Evaluation of the prediction of winter (November–March) precipitation. (a) Series of observed (green) and predicted (brown) November–March areal average SWUS precipitation during the test period from 1990/91 to 2018/19. Prediction is made using the sample covariance from the CESM-LENS output. (b),(c) Histogram and autocorrelation function of the residual time series during the test period [residuals are between GTV predictions and observations shown in (a)]. The null hypothesis that the residuals are normally distributed is not rejected at a 0.05 significance level.

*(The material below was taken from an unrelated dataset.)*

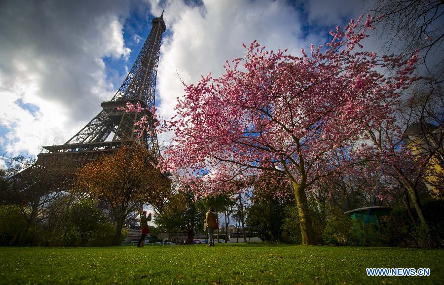 Des touristes prennent des photos près de la Tour Eiffel à Paris, capitale française, le 28 mars 2015. (Xinhua/Chen Xiaowei)

Also, the null hypothesis that there is no year to year linear dependence (autocorrelation) in the residual time series is not rejected at the 0.05 significance level. (d) Partial correlation between SWUS precipitation in November–March and linear detrended grid point SSTs in July–October, after accounting for the GTV prediction. Stippling indicates locally significant correlations. The absence of significant correlation patterns indicates that no more predictive information can be extracted from the Pacific basin SSTs, providing confidence for the fitted model.

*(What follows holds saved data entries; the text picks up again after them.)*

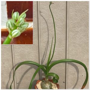 こんにちは😃 ウチの偽海葱さんです😆 以前投稿した、園芸店のゴミ箱🗑から頂いたちっこい玉ねぎ🧅のような謎の子が、大きくなりお花🌸を咲かせました😆
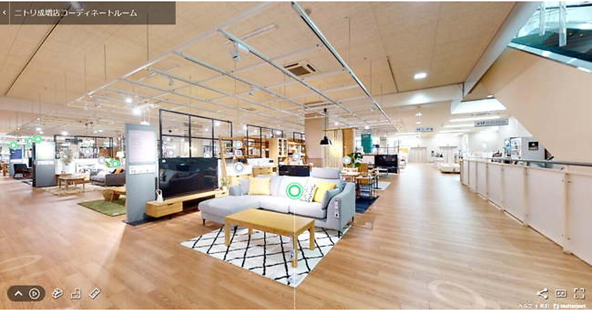 「ニトリバーチャルショールーム」は、実際のニトリの店内にあるコーディネートルームを3D撮影しバーチャルルーム化。店内を360度見渡しながらショールーム内を移動し、好みのコーディネートを探すことができる。
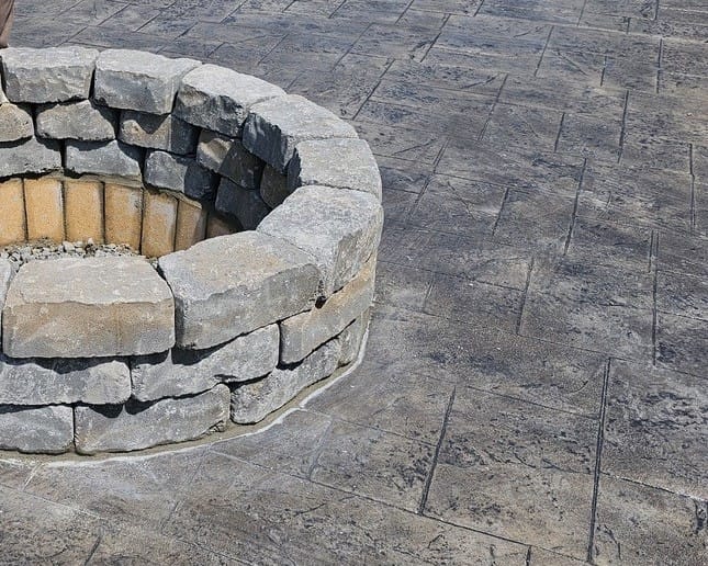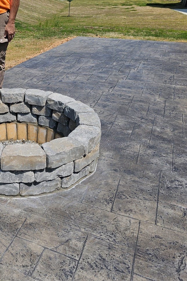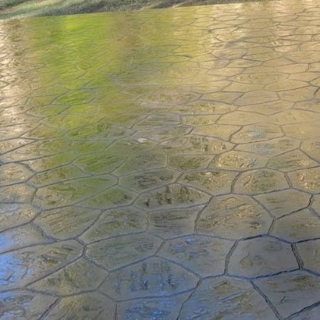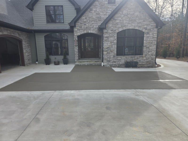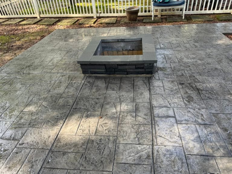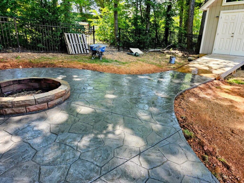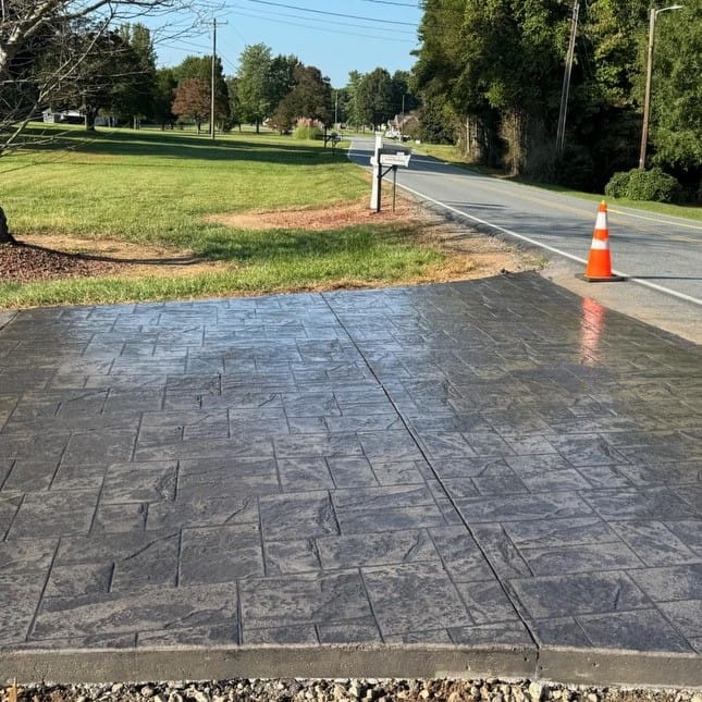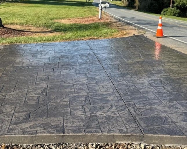 Incredible stamped concrete driveway installation featuring a classic ashlar slate pattern in rich charcoal tones. This decorative finish delivers the sophisticated look of natural stone at a fraction of the cost. Expert stamping and coloring techniques create realistic texture and dimension, while the durable concrete base ensures long-lasting performance. A perfect upgrade that dramatically enhances curb appeal.

Citation: Journal of Climate 34, 2; 10.1175/JCLI-D-20-0079.1

Finally, the residuals of the prediction do not show statistically significant correlation with the Pacific SSTs (Fig. 5d), indicating that no information in the Pacific SSTs is left unexplored in the predictive model. Only a few small and incoherent SST patterns are found to significantly correlate to precipitation at a 0.05 significance level, probably due the fact that in Fig. 5d we simultaneously test multiple “local” hypotheses, which increases the chances of a type I error (i.e., rejecting a true null hypothesis; Wilks 2016). Thus, we can conclude that our model sufficiently exploits the Pacific SST information, and that any deviation (residual) between our predictions and reality either comes from other forcings not included in our analysis (e.g., SST variability over the Atlantic Ocean; Enfield et al. 2001) or is the result of internal stochastic variability.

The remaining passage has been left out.